### PROBLEM
From the material below, retype exactly the lines that begin at the line with "Kolorowe, Wielkanoc, Bukiet, Niebieskie" and end after the line with "This political map"; pictures stay out of the copy.

### EXERCISE INPUTS
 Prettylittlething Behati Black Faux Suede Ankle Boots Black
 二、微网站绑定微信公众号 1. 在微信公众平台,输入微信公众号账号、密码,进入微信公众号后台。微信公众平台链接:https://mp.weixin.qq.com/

---

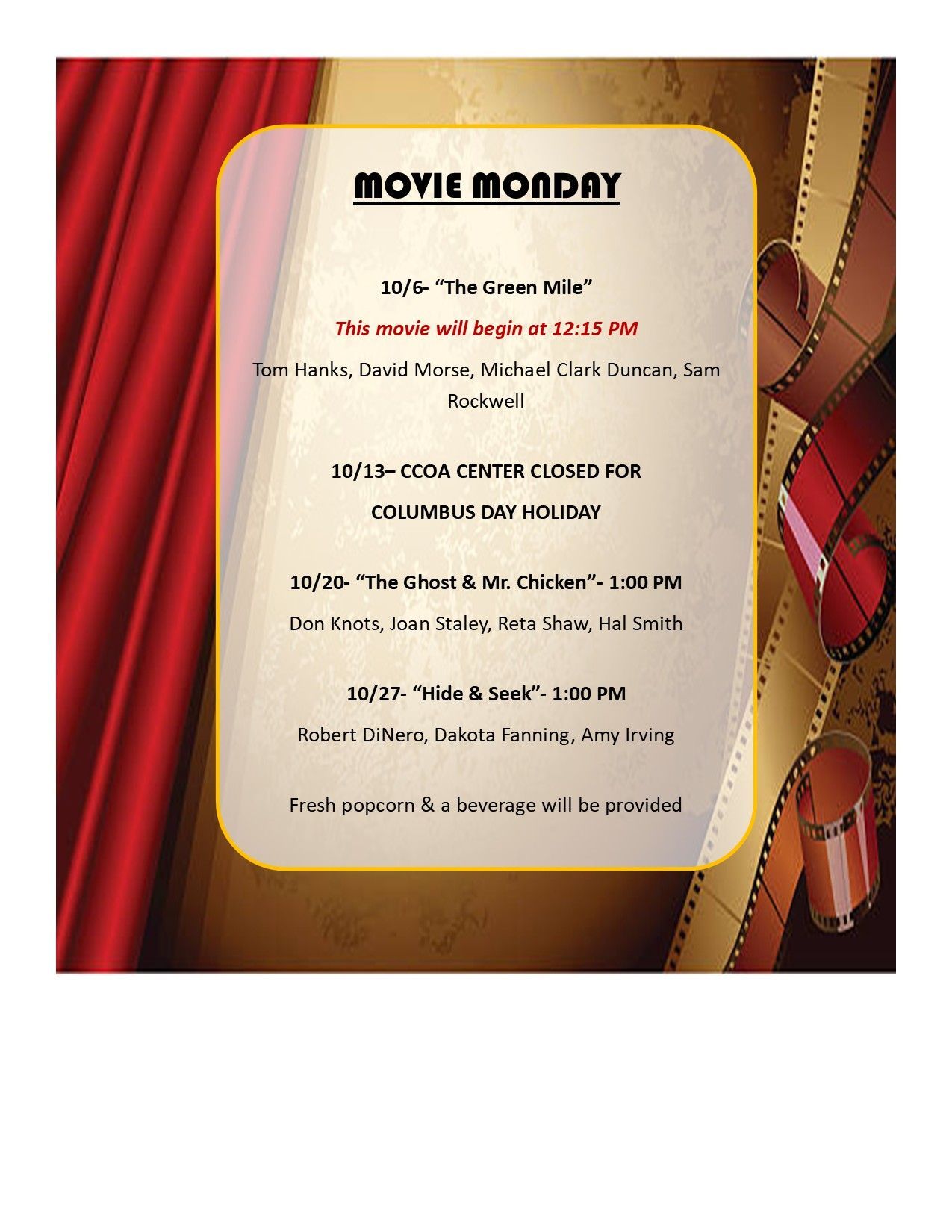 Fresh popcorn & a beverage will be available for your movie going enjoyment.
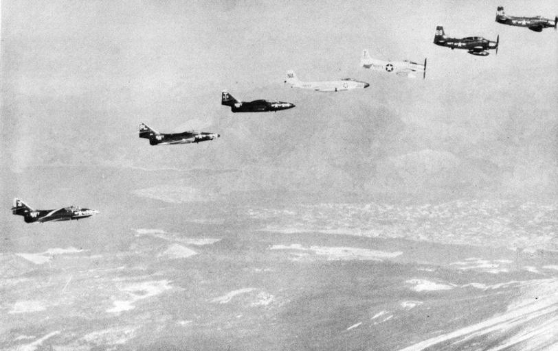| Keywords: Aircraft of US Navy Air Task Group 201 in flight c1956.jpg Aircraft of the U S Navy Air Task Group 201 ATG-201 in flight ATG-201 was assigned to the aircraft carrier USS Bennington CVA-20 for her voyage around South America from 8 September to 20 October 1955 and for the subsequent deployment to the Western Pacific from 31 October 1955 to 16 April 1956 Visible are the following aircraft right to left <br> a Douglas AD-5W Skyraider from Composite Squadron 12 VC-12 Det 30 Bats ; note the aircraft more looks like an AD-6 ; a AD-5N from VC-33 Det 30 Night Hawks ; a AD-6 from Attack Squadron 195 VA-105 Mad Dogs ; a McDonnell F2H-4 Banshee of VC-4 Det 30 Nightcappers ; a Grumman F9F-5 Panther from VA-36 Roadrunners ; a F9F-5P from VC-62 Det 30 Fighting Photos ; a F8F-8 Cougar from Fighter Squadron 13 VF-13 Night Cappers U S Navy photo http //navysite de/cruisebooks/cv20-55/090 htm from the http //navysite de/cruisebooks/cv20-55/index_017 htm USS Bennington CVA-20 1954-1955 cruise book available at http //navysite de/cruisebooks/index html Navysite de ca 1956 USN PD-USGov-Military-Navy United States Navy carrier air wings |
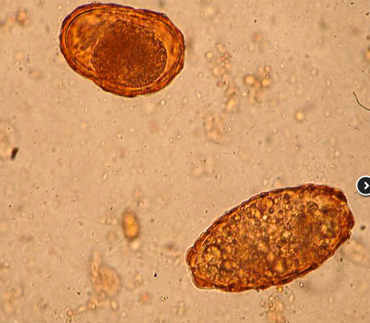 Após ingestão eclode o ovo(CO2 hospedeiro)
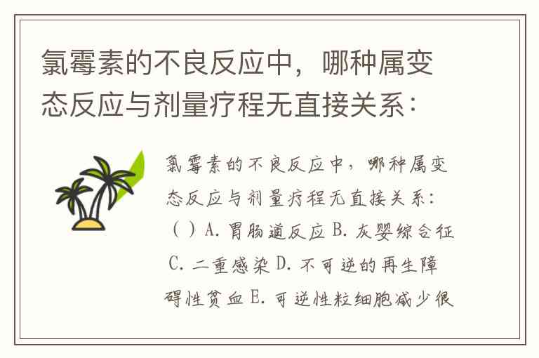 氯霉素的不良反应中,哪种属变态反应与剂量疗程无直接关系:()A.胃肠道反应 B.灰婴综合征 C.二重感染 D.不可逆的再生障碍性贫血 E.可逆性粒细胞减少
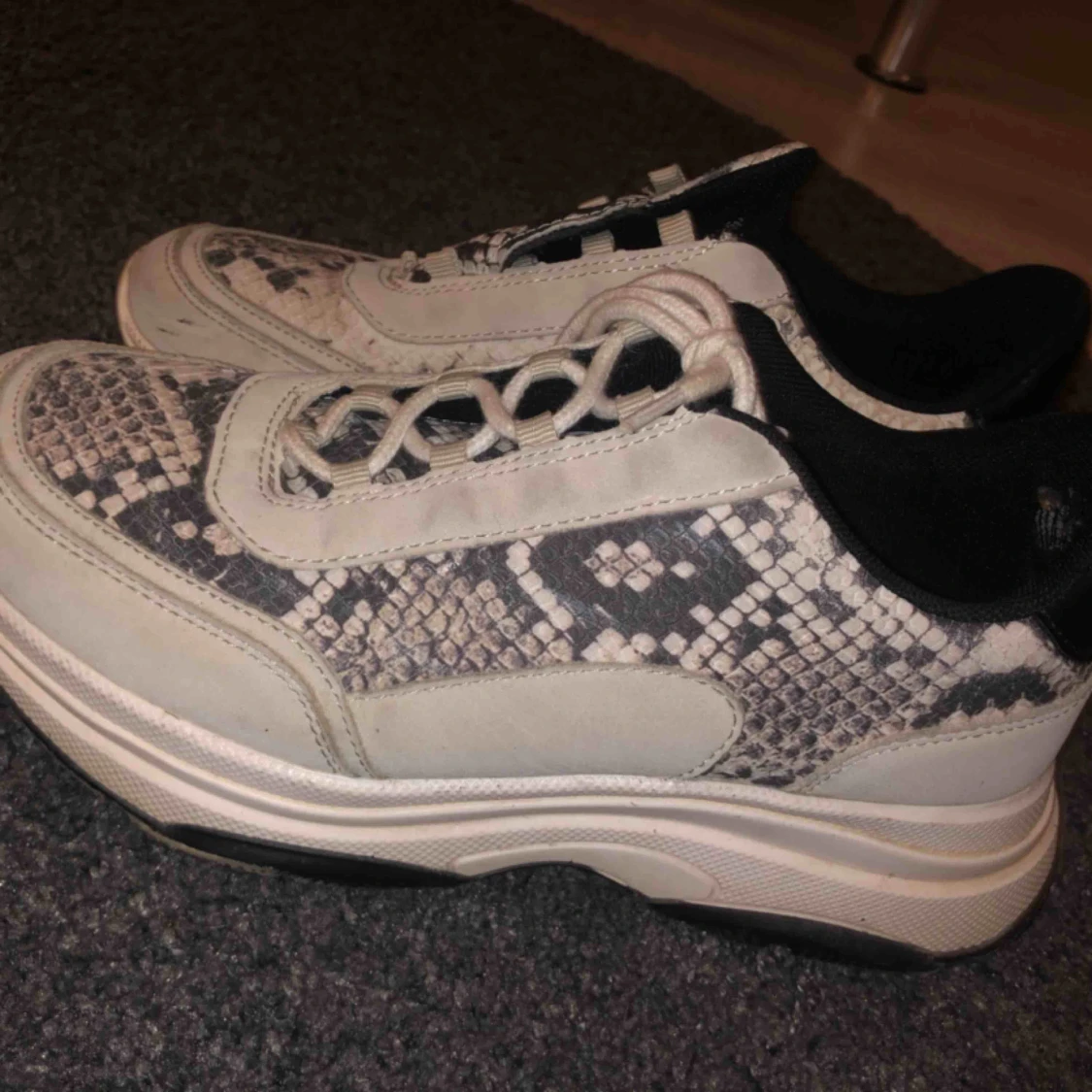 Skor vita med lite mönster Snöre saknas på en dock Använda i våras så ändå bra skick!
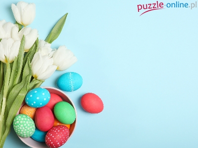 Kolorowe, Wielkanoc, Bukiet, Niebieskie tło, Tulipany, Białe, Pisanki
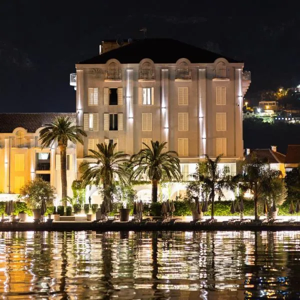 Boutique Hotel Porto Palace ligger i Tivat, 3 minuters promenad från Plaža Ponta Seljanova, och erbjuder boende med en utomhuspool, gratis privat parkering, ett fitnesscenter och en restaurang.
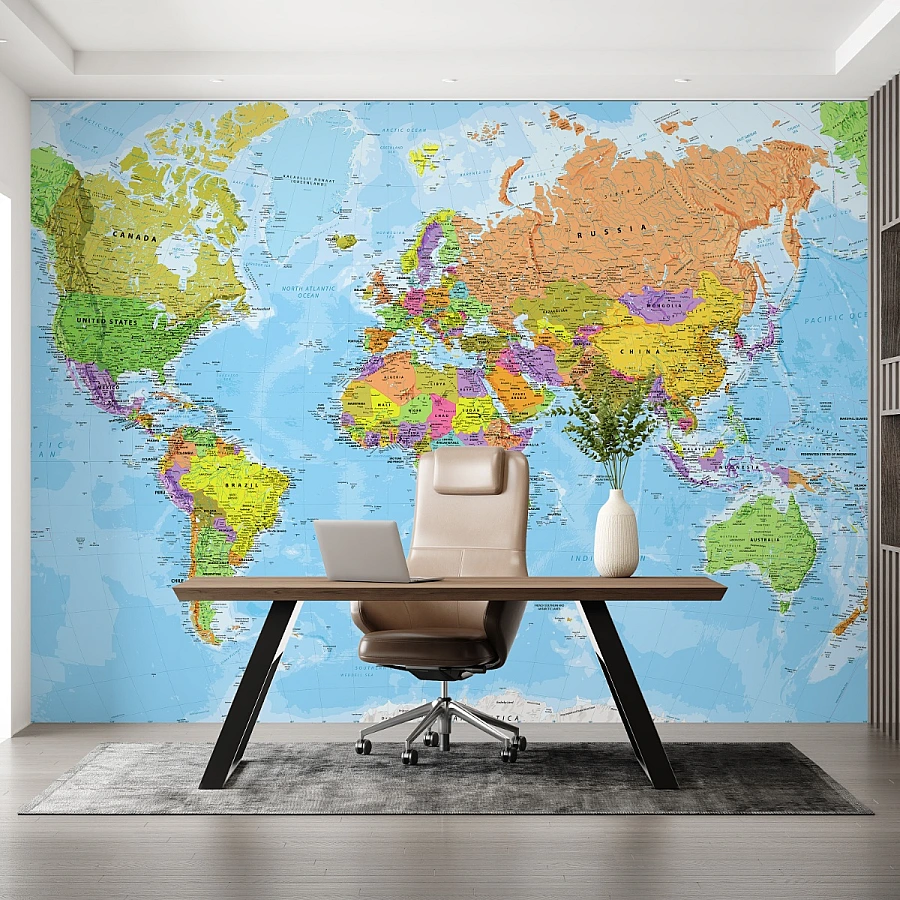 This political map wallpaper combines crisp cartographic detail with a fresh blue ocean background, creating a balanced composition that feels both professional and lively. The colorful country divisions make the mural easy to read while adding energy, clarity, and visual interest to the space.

* * *

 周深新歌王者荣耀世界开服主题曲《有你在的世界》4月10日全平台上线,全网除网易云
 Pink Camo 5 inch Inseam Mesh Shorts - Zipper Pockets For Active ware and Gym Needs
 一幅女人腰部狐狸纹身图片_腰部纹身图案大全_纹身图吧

### TASK ANSWER
 Kolorowe, Wielkanoc, Bukiet, Niebieskie tło, Tulipany, Białe, Pisanki
 Boutique Hotel Porto Palace ligger i Tivat, 3 minuters promenad från Plaža Ponta Seljanova, och erbjuder boende med en utomhuspool, gratis privat parkering, ett fitnesscenter och en restaurang.
 This political map wallpaper combines crisp cartographic detail with a fresh blue ocean background, creating a balanced composition that feels both professional and lively. The colorful country divisions make the mural easy to read while adding energy, clarity, and visual interest to the space.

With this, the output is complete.